Pemuda itu tampak mengerutkan keningnya, jemarinya menggenggam erat tangan Yoongi yang masih
bertengger di atas pipinya.

“Katakan padaku yang sejujurnya, tanyakan pada hatimu tentang perasaan sekedar suka atau memang
telah jatuh cinta.” Pria itu membiarkan Taehyung bergeming sejenak, dan mengambil kesempatan agar
dapat memperhatikan rupa tampan dan mempesona belahan jiwanya.
“Aku tidak akan marah apapun jawabannya, karena kita bisa memulainya perlahan lahan.”

Terdapat gerung tak nyaman sebelum kelopak matanya kembali terbuka bersama jawaban yang ia
tunggu sedari tadi, dan Yoongi mengangguk begitu kalimat yang terlontar justru menggores sedikit
hatinya.

“No.
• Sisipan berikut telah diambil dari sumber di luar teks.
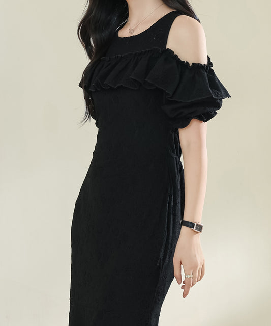 カットアウト パフスリーブ 総レース マーメイド フリル ワンピース

I don’t love you”

“…yet.”
Chapter 5

Hoseok menyapanya dengan girang ketika ia lewat bersama Taehyung yang membungkuk sopan. Rekan
kerjanya tersebut menepuk bahu Taehyung seraya berbincang bincang dan saling memperkenalkan diri,
Yoongi mengusap punggung tangan pemuda tersebut yang terlihat kurang nyaman karena tatapan
sekitar.

Bagaimanapun juga, pemuda ini punya perawakan jangkung dan tampan. Orang orang tak akan melepas
pandangan meski muda maupun tua.

“Hope-ah, akan ku hubungi saat sudah sampai,” pungkas Yoongi menengahi percakapan keduanya “titip
salam buat alphamu ya, semoga dia baik baik saja. Aku pamit.” Punggung berbalik meninggalkan
bersamaan dengan salam Taehyung yang terburu buru akibat bingung.

Pun, terkesiap begitu Yoongi melempar kunci mobil kepadanya yang bergeming tak mengerti.

“Bawa aku pulang.”

Taehyung mengangguk paham dan hendak melangkah memasuki mobil sebelum dirinya tertegun akan
ucapan selanjutnya yang tak pernah ia duga.

“..ke rumahmu, Kim.”

Ia berdiri linglung, mencoba memilah emosinya yang tak tahu seperti apa.

“Keberatan?”

“Tidak.” Jawab yang bersangkutan cepat, badan berbalik spontan dan tungkai bergerak mendekat
bersama uluran tangan yang menggapai lengan pucat sang tambatan.

Yoongi diam, melirik bagaimana eratnya cengkraman pada pergelangan tangannya dan raut wajah
pemuda gagah di hadapannya. Dan ketika senyuman kecil tersungging di belah bibir tipisnya, Taehyung
tak akan melepaskan kesempatan untuk memeluknya. Mendekapnya erat dan menghirup banyak
banyak harum yang kenyamanannya tidak akan ada pernah tandingannya.

Jemari lentiknya menyusuri rambut tebal Taehyung yang nyaris menangis memeluknya. Mengusap
punggungnya perlahan, ia berharap perasaannya tersampaikan dan masuk ke dalam hati agar mereka
lebih mudah memahami kesulitan masing masing.